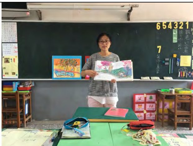
★繪本導入：透過繪本訴說的情感面，引起孩子共鳴，再進行自己畫作內容的抒發。
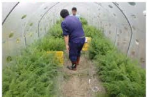
にんじんの収穫をしています。大きさ、重さ、数量を調査!
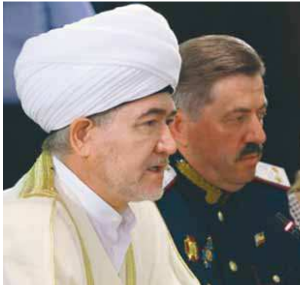
Равиль Гайнутдин на встрече премьер-министра РФ Владимира Путина с представителями религиозных и общественных организаций 19 июля 2011 г. в Москве

«Мы живем в многонациональном, многоконфессиональном государстве. Наше государство, возможно, похоже на некоторые другие государства — такие же многонациональные и многоконфессиональные, но... имеет свою особенность. Мы являемся не пришельцами в свою страну — мы являемся коренными гражданами своего Отечества. Мы имеем здесь могилы своих отцов и дедов, мы имеем и общую историю. Мы вместе создавали наше государство, мы вместе защищали интересы своего Отечества и сегодня мы заботимся о благополучии и процветании нашего Отечества.
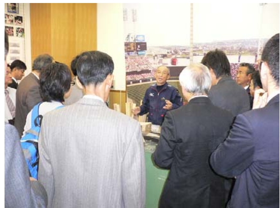
写真2. 久保田プロバットマイスターによる実演とミニ講演
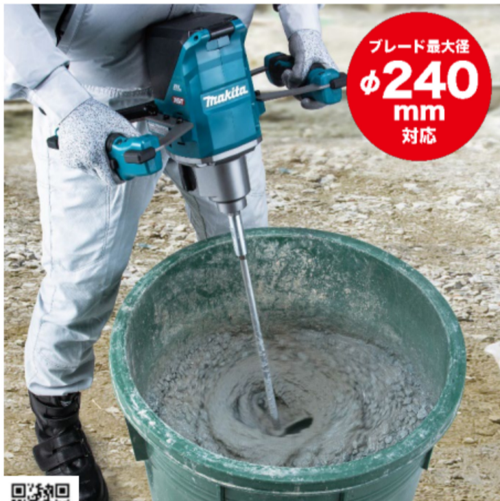
【低速モード】 0~500 min -1 高粘度材 【コンクリート等】 ※低速モードで長時間の作業が可能
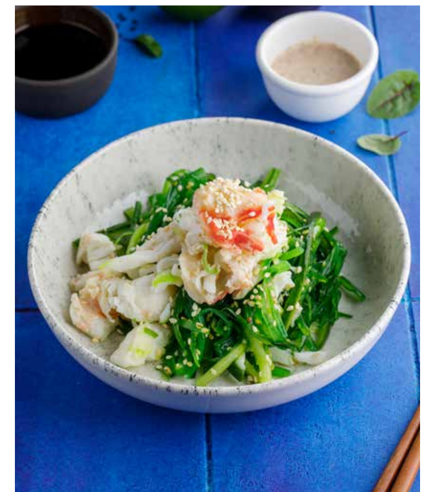
КАЙСО / КАЙСО С КРАБОМ 390/690 ₺ Kaiso salad / kaiso salad with crab
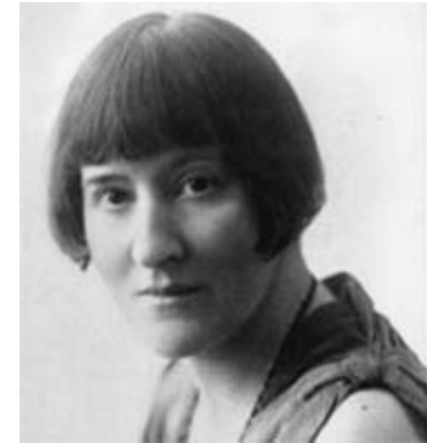
ETHEL LINA WHITE

A pesar de que la trama de esta segunda entrega de la serie es mucho más compleja y está más desarrollada, de momento me quedo con la primera. Quizá la presencia de tantos personajes, tantos sospechosos, tantos elementos, me ha resultado un tanto excesiva. Aún así, considero un verdadero acierto la elección del argumento y que se trate tan abiertamente el tema de los abusos sexuales por parte de un conocido. Por desgracia, la línea que separa el consentimiento del no consentimiento sigue estando muy difusa, y son muchos los que siguen afirmando que si el abuso
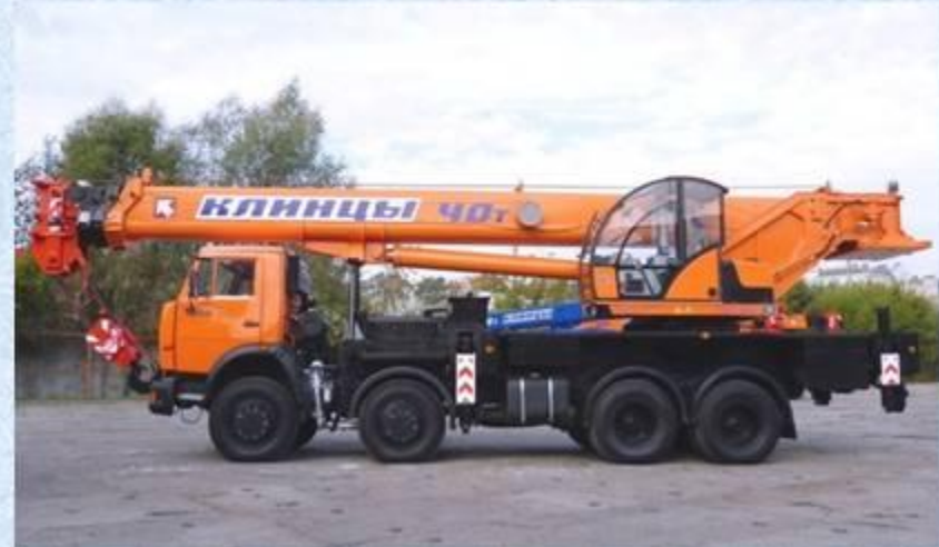
Современный кран ОАО «КАЗ»
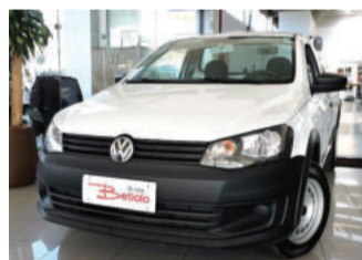
Volkswagen Saveiro 1.6 8V 2015 Branco, 2 portas, 48.441Km. IVX-4984
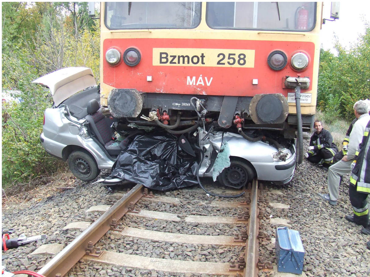
A balesetet szenvedett közúti jármű

A helyszínen lemért megállási távolság 264 méter.
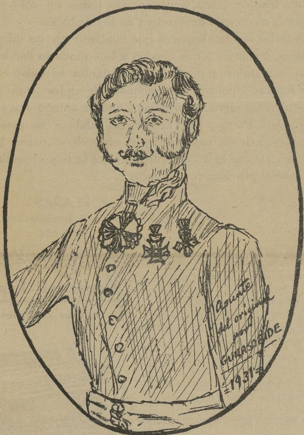
LOS HIDALGOS DE LA RAZA
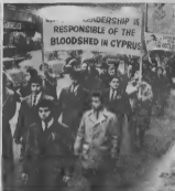
Irregularidadnan na Cyprus: Na robes Arzobispo Makarios, president di Cyprus, ta lezando un nota den cual e ta pidi e Cypriotanan Turco y esnan Griego pa stop cu bringamento. Na banda drechi Cypriotanan Turco demostrando na London.
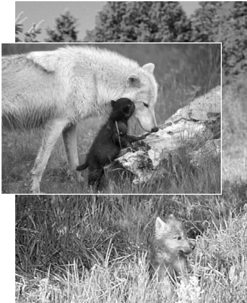
Les louveteaux passent beaucoup de temps à jouer avec d'autres membres de la meute.

Les louveteaux sont allaités pendant environ deux mois. Puis, ils se délectent des repas de viande chauds que les parents régurgitent pour eux.
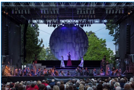
Opera Turandot na hradě
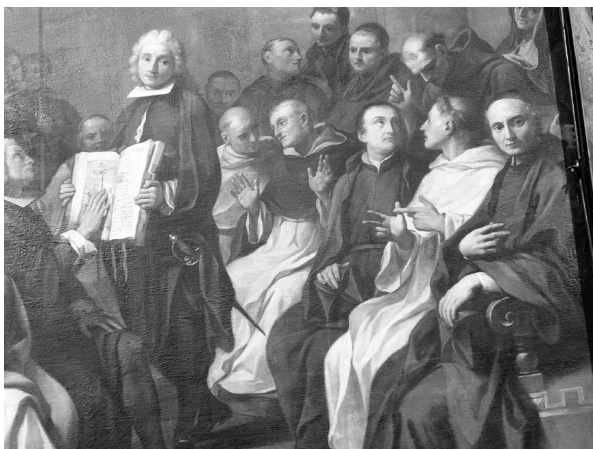
FIGURA 6. Caccianiga. Juramento de los claustrales . Detalle.
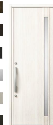
EH:クリエアイボリー S型ハンドル
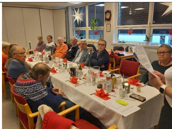
Julelunsj på Møteplassen i Elverum 20. november.
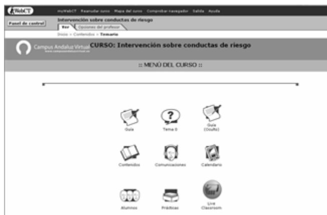
Figura nº 4: Menú del curso de la asignatura.

b) Nos sorprendió, gratamente, el alto aporte de materiales y recursos, de todo tipo (enlaces, textos, canciones, vídeos, etc.) realizado por el alumnado, este hecho ha enriquecido la
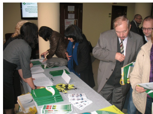
Konferencja w Płocku Galeria z Konferencji w Płocku
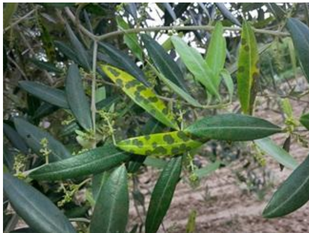
Occhio di pavone

In diversi oliveti, in particolare sulle cultivar più suscettibili, si riscontra presenza di Occhio di pavone ; per il controllo di tale patogeno è stato indicato l'intervento a base di prodotti rameici (♣) al termine delle operazioni di potatura, per la difesa della nuova vegetazione, qualora non fosse stato eseguito si consiglia, vista la fase fenologica, di eseguirlo tempestivamente.
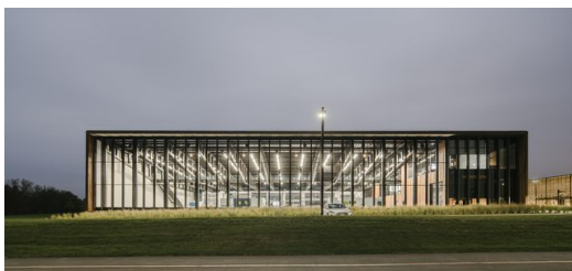
Die Smart Factory von TRUMPF in Chicago, USA.

Ginge Prouvé durch die 2017 eröffnete TRUMPF Smart Factory in Chicago, schließe sein Herz sicher höher: Das 45 mal 55 Meter große, freitragende Hallendach in dieser vollständig vernetzten Fabrik ruht auf elf aus Einzelstücken geschweißten Stahlträgern. Sie wurden allesamt auf hauseigenen Maschinen geschnitten. Nicht nur fiktive Besucher wie Prouvé können so sofort sehen, was die Maschinen in der Smart Factory leisten – und erahnen, was Lasermaschinen überhaupt für die Architektur leisten. Ziemlich sicher würde Prouvé seinen Fachkollegen Frank Barkow aus dem Architekturbüro Barkow Leibinger, das die Smart Factory für TRUMPF entwarf, zuallererst fragen, wie unermesslich hoch ihr Budget für das Gebäude war, dass sie derartige Konstruktionen einplanen konnten. Und er würde erfahren: gar nicht so hoch. Denn Lasermaschinen von TRUMPF haben die Stahlträger geschnitten und geschweißt und die Dachkonstruktion erschwinglich gemacht.
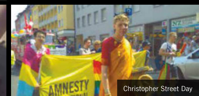
Christopher Street Day
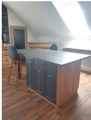
Küche Bild 3
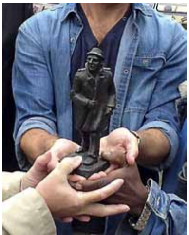
Het gekozen beeldje.

In zijn boeken was Baantjer van 'weinig of geen geweld en niet vloeken'. De praktijk bleek iets minder braaf. Zie de wapens in het museum en bedenkt dat dertig jaar terug jaarlijks alleen al zo'n veertig heroïnedoden werden gevonden in de rosse
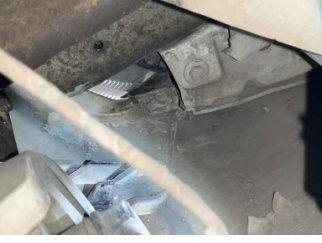
Kaporta, Sağ Podye Sacı > Standart Dışı Onarım

Sayfa: 11/15 Araç Çıkış Tarihi: 08.05.2026 12:06
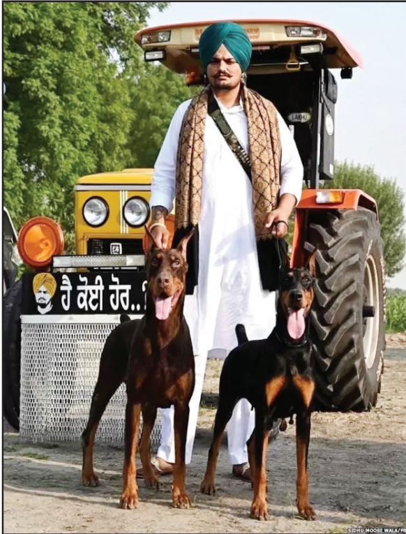
ਚੰਡੀਗੜ੍ਹ (ਪੰਜਾਬੀ ਅਖਬਾਰ ਬਿਊਰੋ)- ਪੰਜਾਬੀ ਗਾਇਕ ਅਤੇ ਅਦਾਕਾਰ ਤੋਂ ਸਿਆਸਤਦਾਨ ਬਣੇ ਸਿੱਧੂ ਮੂਸੇਵਾਲਾ ਦੇ ਕਤਲ ਤੋਂ ਬਾਅਦ ਪੰਜਾਬ ਵਿੱਚ ਇਕ ਤਰ੍ਹਾਂ ਨਾਲ ਤੁਰਾਨ ਆ ਗਿਆ ਹੈ। ਜਿਥੇ ਇਸ ਕਤਲ ਲਈ ਸਿੱਧੂ ਮੂਸੇਵਾਲਾ ਦੇ ਫੈਨ ਸਰਕਾਰ ਨੂੰ ਦੋਸ਼ੀ ਨਹਿਰਾ ਰਹੇ ਹਨ ਉਥੇ ਹੀ ਜਿਹੜੇ ਇਸ ਗਾਇਕ ਦੀ ਗਾਇਕੀ ਪਸੰਦ ਨਹੀਂ ਕਰਦੇ ਸਨ, ਉਹ ਵੀ ਇਹ ਕਹਿੰਦੇ ਹਨ ਕਿ ਇਹ ਬਹੁਤ ਹੀ ਮਾੜਾ ਹੋਇਆ ਹੈ। ਨੌਜਵਾਨ ਪੀੜ੍ਹੀ ਤਾਂ ਖਾਸ ਕਰਕੇ ਇਸ ਸਮੇਂ ਸੋਸ਼ਲ ਮੀਡੀਏ ਉੱਤੇ ਆਪਣੀ ਆਈ ਡੀ ਉੱਤੇ ਮੂਸੇਵਾਲਾ ਦੀ ਤਸਵੀਰ ਲਗਾ ਕੇ ਆਪਣੀ ਸ਼ਰਧਾਂਜਲੀ ਭੇਟ ਕਰ ਰਹੇ ਹਨ। ਇਸ ਘਟਨਾ ਨੇ ਇਕ ਵਾਰ ਫਿਰ ਪੰਜਾਬ ਦੀ ਕਾਨੂੰਨ ਤੇ ਵਿਵਸਥਾ ਉੱਤੇ ਪ੍ਰਭਾਵ ਪੈਣ ਲੱਗਾ ਦਿੱਤੇ ਹਨ ਅਤੇ ਇਕ ਵਾਰ ਫਿਰ ਗੈਂਗਸਟਰਾਂ ਦੇ ਖਾਤਮੇ ਦੇ ਪੁਲਿਸ ਦੇ ਦਾਅਵਿਆਂ ਨੂੰ ਝੂਠਾ ਸਾਬਤ ਕਰ ਦਿੱਤਾ ਹੈ।

ਸਿੱਧੂ ਮੂਸੇਵਾਲਾ ਦੇ ਕਈ ਗੀਤ ਸੁਪਰਹਿੱਟ ਹੋਏ। ਸੋ ਹਾਈ, ਧੱਕਾ, ਉਲਫ਼ ਸਕੂਲ, ਸੰਜੂ ਵਰਗੇ ਗਾਣੇ ਤਾਂ ਯੂਟਿਊਬ ਉੱਤੇ ਕਰੋੜਾਂ ਵਾਰ ਦੇਖੇ ਗਏ। ਇਨ੍ਹਾਂ ਗਾਣਿਆਂ ਰਾਹੀਂ ਬੰਦੂਕ ਸੱਭਿਆਚਾਰ ਨੂੰ ਹੱਲਾਸ਼ੇਰੀ ਦੇਣ ਦੇ ਇਲਾਜ਼ਾਮਾਂ ਤਹਿਤ ਮੂਸੇਵਾਲਾ ਦੀ ਆਲੋਚਨਾ ਵੀ ਹੋਈ ਅਤੇ ਕੇਸ ਵੀ ਦਰਜ ਹੋਏ।

━━━━━━━━━━

Action item>
Reproduce only the lines from the line with "Küche Bild 3" to the end of the entries. Keep both ends, copy them exactly, and omit every picture.

Response box>
Küche Bild 3
Het gekozen beeldje.

In zijn boeken was Baantjer van 'weinig of geen geweld en niet vloeken'. De praktijk bleek iets minder braaf. Zie de wapens in het museum en bedenkt dat dertig jaar terug jaarlijks alleen al zo'n veertig heroïnedoden werden gevonden in de rosse
Kaporta, Sağ Podye Sacı > Standart Dışı Onarım

Sayfa: 11/15 Araç Çıkış Tarihi: 08.05.2026 12:06
ਚੰਡੀਗੜ੍ਹ (ਪੰਜਾਬੀ ਅਖਬਾਰ ਬਿਊਰੋ)- ਪੰਜਾਬੀ ਗਾਇਕ ਅਤੇ ਅਦਾਕਾਰ ਤੋਂ ਸਿਆਸਤਦਾਨ ਬਣੇ ਸਿੱਧੂ ਮੂਸੇਵਾਲਾ ਦੇ ਕਤਲ ਤੋਂ ਬਾਅਦ ਪੰਜਾਬ ਵਿੱਚ ਇਕ ਤਰ੍ਹਾਂ ਨਾਲ ਤੁਰਾਨ ਆ ਗਿਆ ਹੈ। ਜਿਥੇ ਇਸ ਕਤਲ ਲਈ ਸਿੱਧੂ ਮੂਸੇਵਾਲਾ ਦੇ ਫੈਨ ਸਰਕਾਰ ਨੂੰ ਦੋਸ਼ੀ ਨਹਿਰਾ ਰਹੇ ਹਨ ਉਥੇ ਹੀ ਜਿਹੜੇ ਇਸ ਗਾਇਕ ਦੀ ਗਾਇਕੀ ਪਸੰਦ ਨਹੀਂ ਕਰਦੇ ਸਨ, ਉਹ ਵੀ ਇਹ ਕਹਿੰਦੇ ਹਨ ਕਿ ਇਹ ਬਹੁਤ ਹੀ ਮਾੜਾ ਹੋਇਆ ਹੈ। ਨੌਜਵਾਨ ਪੀੜ੍ਹੀ ਤਾਂ ਖਾਸ ਕਰਕੇ ਇਸ ਸਮੇਂ ਸੋਸ਼ਲ ਮੀਡੀਏ ਉੱਤੇ ਆਪਣੀ ਆਈ ਡੀ ਉੱਤੇ ਮੂਸੇਵਾਲਾ ਦੀ ਤਸਵੀਰ ਲਗਾ ਕੇ ਆਪਣੀ ਸ਼ਰਧਾਂਜਲੀ ਭੇਟ ਕਰ ਰਹੇ ਹਨ। ਇਸ ਘਟਨਾ ਨੇ ਇਕ ਵਾਰ ਫਿਰ ਪੰਜਾਬ ਦੀ ਕਾਨੂੰਨ ਤੇ ਵਿਵਸਥਾ ਉੱਤੇ ਪ੍ਰਭਾਵ ਪੈਣ ਲੱਗਾ ਦਿੱਤੇ ਹਨ ਅਤੇ ਇਕ ਵਾਰ ਫਿਰ ਗੈਂਗਸਟਰਾਂ ਦੇ ਖਾਤਮੇ ਦੇ ਪੁਲਿਸ ਦੇ ਦਾਅਵਿਆਂ ਨੂੰ ਝੂਠਾ ਸਾਬਤ ਕਰ ਦਿੱਤਾ ਹੈ।

ਸਿੱਧੂ ਮੂਸੇਵਾਲਾ ਦੇ ਕਈ ਗੀਤ ਸੁਪਰਹਿੱਟ ਹੋਏ। ਸੋ ਹਾਈ, ਧੱਕਾ, ਉਲਫ਼ ਸਕੂਲ, ਸੰਜੂ ਵਰਗੇ ਗਾਣੇ ਤਾਂ ਯੂਟਿਊਬ ਉੱਤੇ ਕਰੋੜਾਂ ਵਾਰ ਦੇਖੇ ਗਏ। ਇਨ੍ਹਾਂ ਗਾਣਿਆਂ ਰਾਹੀਂ ਬੰਦੂਕ ਸੱਭਿਆਚਾਰ ਨੂੰ ਹੱਲਾਸ਼ੇਰੀ ਦੇਣ ਦੇ ਇਲਾਜ਼ਾਮਾਂ ਤਹਿਤ ਮੂਸੇਵਾਲਾ ਦੀ ਆਲੋਚਨਾ ਵੀ ਹੋਈ ਅਤੇ ਕੇਸ ਵੀ ਦਰਜ ਹੋਏ।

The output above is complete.